- TASK DATA

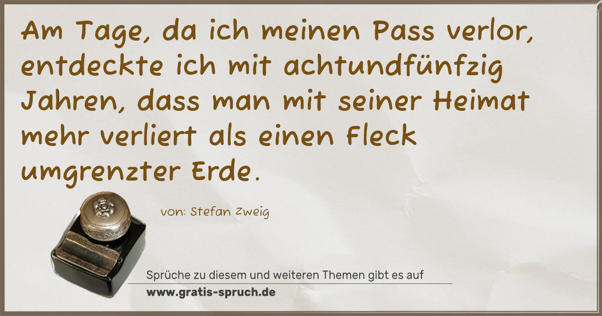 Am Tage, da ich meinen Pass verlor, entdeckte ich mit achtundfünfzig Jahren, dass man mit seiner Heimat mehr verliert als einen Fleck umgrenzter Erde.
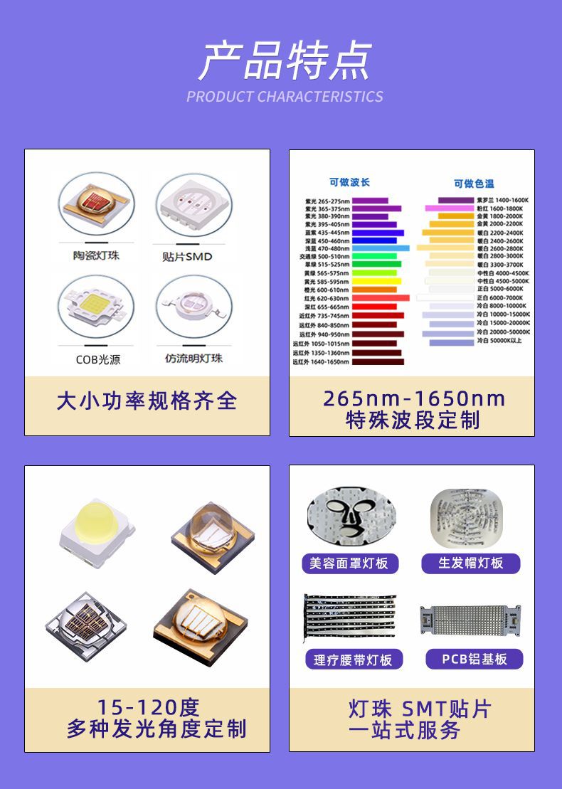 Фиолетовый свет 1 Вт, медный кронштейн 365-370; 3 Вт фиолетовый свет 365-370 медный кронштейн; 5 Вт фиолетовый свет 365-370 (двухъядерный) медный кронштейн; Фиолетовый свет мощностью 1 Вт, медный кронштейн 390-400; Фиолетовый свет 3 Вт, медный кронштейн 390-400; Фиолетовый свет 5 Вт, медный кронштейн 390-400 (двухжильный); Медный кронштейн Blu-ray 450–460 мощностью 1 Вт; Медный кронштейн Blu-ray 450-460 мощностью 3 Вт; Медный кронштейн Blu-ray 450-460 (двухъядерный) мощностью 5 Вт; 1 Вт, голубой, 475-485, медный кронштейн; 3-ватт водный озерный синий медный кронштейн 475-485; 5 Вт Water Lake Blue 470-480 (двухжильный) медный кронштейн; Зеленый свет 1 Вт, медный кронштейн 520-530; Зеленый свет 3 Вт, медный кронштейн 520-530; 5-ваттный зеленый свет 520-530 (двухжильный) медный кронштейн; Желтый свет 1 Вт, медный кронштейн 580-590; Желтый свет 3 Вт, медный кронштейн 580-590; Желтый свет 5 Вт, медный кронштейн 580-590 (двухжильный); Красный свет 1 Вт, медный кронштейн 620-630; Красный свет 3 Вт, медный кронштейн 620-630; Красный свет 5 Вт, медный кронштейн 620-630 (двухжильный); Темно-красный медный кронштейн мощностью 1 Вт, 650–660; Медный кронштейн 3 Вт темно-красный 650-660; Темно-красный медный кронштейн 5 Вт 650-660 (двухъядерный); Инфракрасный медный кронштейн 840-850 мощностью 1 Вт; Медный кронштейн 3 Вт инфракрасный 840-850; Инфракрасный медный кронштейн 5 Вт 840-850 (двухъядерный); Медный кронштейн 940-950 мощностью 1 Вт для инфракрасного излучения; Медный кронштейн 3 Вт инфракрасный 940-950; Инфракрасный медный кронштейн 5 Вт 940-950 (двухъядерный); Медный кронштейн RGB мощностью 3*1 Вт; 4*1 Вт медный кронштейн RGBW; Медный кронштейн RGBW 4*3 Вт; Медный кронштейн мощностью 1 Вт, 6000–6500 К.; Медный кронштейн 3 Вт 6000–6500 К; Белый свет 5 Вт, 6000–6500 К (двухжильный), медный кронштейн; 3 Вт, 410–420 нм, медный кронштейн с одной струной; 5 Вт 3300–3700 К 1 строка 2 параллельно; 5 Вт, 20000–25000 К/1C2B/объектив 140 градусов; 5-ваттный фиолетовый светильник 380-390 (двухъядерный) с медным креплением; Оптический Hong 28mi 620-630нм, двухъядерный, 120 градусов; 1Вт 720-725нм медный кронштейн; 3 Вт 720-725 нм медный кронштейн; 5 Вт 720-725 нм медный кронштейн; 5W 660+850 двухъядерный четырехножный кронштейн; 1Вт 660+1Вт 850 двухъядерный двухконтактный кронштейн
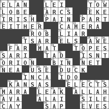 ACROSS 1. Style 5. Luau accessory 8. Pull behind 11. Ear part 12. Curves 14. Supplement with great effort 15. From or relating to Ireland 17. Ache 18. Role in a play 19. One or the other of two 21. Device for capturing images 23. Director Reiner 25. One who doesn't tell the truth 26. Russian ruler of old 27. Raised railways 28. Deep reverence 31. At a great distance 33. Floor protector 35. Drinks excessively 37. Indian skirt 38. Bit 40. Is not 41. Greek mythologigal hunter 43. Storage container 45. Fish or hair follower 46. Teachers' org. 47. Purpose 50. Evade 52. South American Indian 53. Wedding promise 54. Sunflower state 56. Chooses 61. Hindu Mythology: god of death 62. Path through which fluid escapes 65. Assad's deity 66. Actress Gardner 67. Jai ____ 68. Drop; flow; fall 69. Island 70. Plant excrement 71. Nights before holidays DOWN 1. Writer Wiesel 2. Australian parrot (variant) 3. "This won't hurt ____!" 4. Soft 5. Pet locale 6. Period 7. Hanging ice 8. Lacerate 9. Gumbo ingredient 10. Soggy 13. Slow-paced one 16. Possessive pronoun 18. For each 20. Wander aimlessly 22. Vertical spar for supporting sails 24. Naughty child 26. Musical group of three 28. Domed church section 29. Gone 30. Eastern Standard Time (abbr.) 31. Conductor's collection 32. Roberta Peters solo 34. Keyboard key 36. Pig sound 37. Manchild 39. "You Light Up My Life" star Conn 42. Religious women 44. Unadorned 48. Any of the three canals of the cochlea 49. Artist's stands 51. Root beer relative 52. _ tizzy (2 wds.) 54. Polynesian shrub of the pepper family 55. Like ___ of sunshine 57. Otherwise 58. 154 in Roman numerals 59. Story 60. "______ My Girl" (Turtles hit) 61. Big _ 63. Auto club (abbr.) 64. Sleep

...

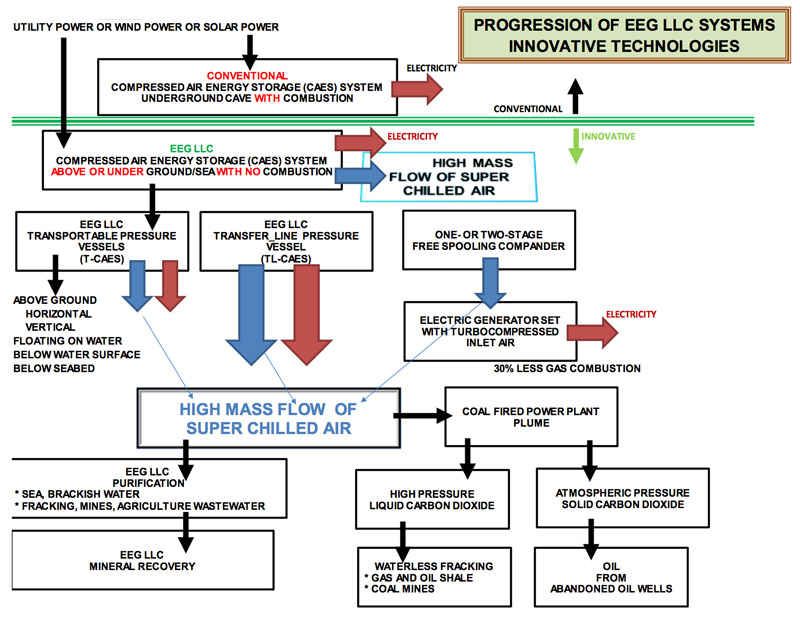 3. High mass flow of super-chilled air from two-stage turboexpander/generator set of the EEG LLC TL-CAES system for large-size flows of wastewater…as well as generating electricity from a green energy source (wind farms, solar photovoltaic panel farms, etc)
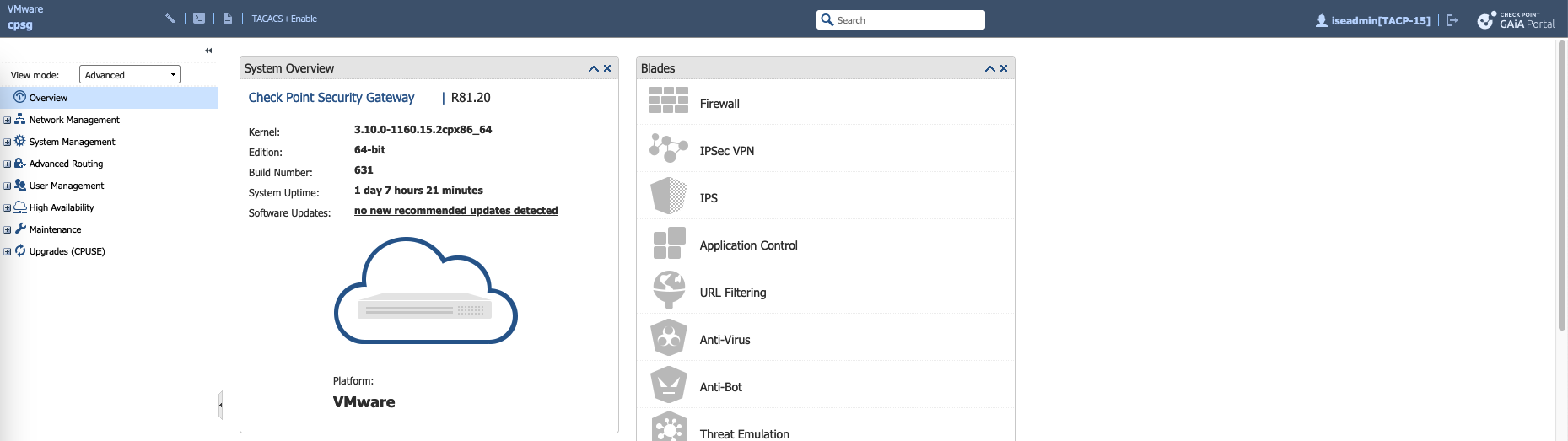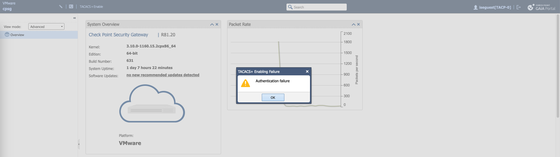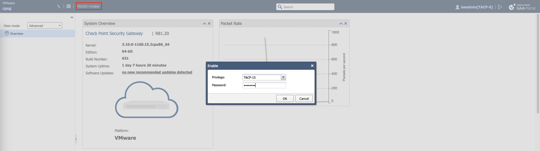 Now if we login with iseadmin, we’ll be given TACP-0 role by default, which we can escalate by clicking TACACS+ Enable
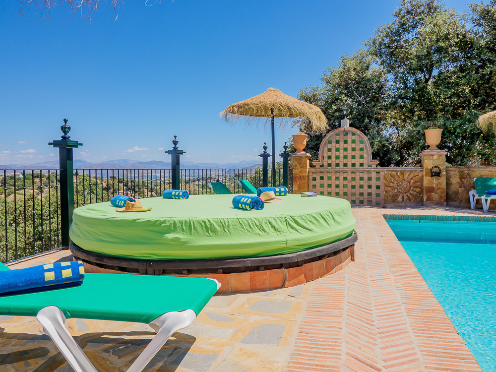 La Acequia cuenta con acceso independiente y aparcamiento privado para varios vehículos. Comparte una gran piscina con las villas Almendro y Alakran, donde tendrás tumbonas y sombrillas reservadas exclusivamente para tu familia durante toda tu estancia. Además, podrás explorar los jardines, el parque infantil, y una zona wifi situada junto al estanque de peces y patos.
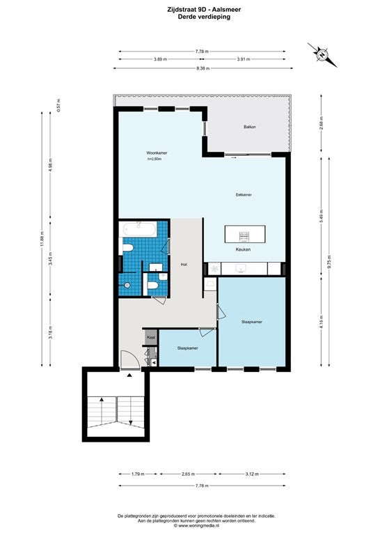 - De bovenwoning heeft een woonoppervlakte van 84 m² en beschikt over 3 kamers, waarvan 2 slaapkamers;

==

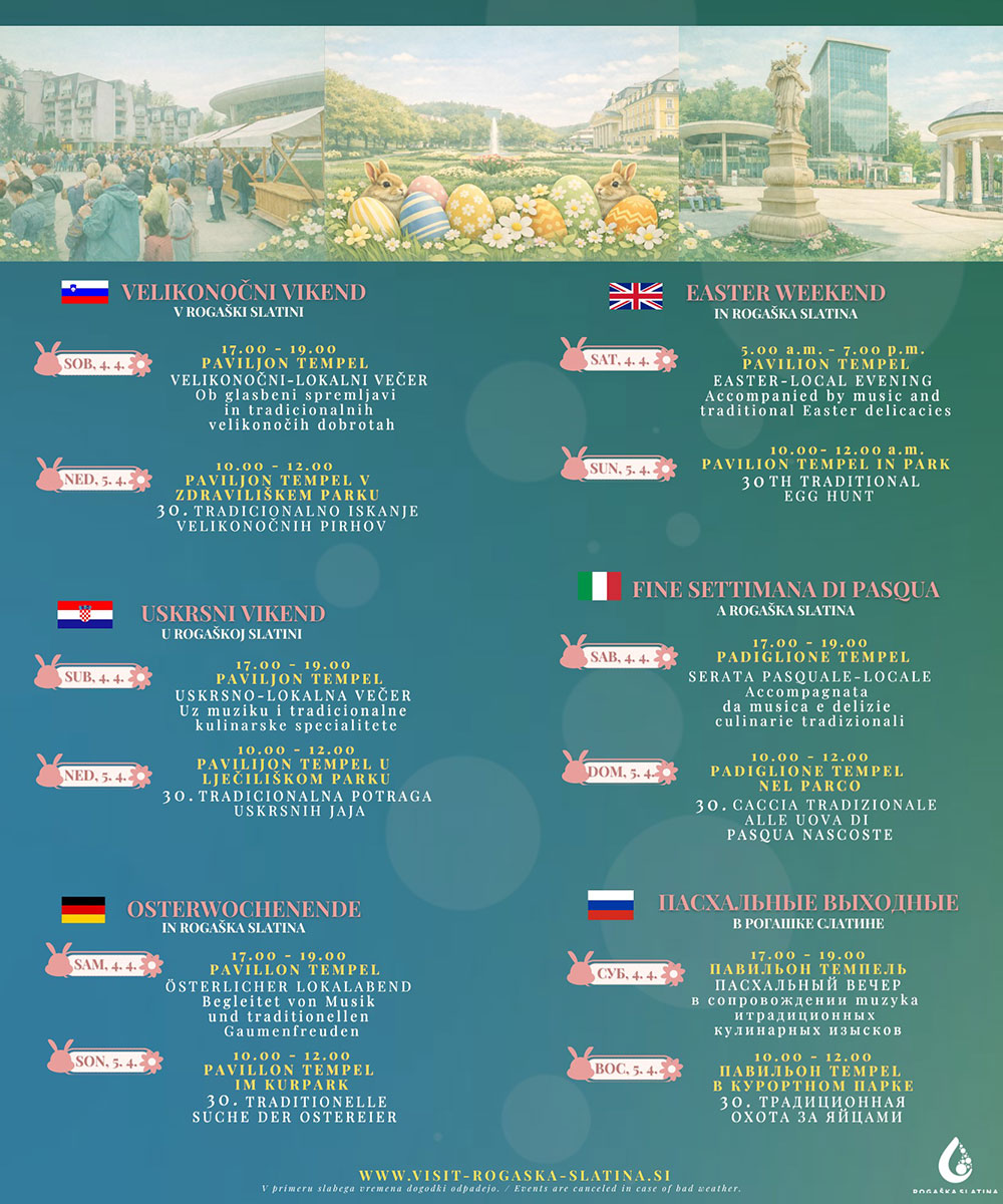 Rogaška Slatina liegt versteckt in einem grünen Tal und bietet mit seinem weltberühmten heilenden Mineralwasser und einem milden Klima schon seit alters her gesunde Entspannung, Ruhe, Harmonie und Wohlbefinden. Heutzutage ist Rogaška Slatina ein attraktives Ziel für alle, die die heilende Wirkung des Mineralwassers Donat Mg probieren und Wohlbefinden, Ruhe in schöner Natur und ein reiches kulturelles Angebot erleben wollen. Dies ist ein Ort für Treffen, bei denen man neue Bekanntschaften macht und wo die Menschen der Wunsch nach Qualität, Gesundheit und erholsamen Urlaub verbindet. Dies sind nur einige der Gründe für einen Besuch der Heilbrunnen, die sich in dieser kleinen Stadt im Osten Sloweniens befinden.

- EXERCISE DESCRIPTION
Take the material above from the line containing "3. High mass" up to and including the line containing "- De bovenwoning" and retype it exactly, without any pictures.

- WRITTEN ANSWER
 3. High mass flow of super-chilled air from two-stage turboexpander/generator set of the EEG LLC TL-CAES system for large-size flows of wastewater…as well as generating electricity from a green energy source (wind farms, solar photovoltaic panel farms, etc)
 Now if we login with iseadmin, we’ll be given TACP-0 role by default, which we can escalate by clicking TACACS+ Enable
 La Acequia cuenta con acceso independiente y aparcamiento privado para varios vehículos. Comparte una gran piscina con las villas Almendro y Alakran, donde tendrás tumbonas y sombrillas reservadas exclusivamente para tu familia durante toda tu estancia. Además, podrás explorar los jardines, el parque infantil, y una zona wifi situada junto al estanque de peces y patos.
 - De bovenwoning heeft een woonoppervlakte van 84 m² en beschikt over 3 kamers, waarvan 2 slaapkamers;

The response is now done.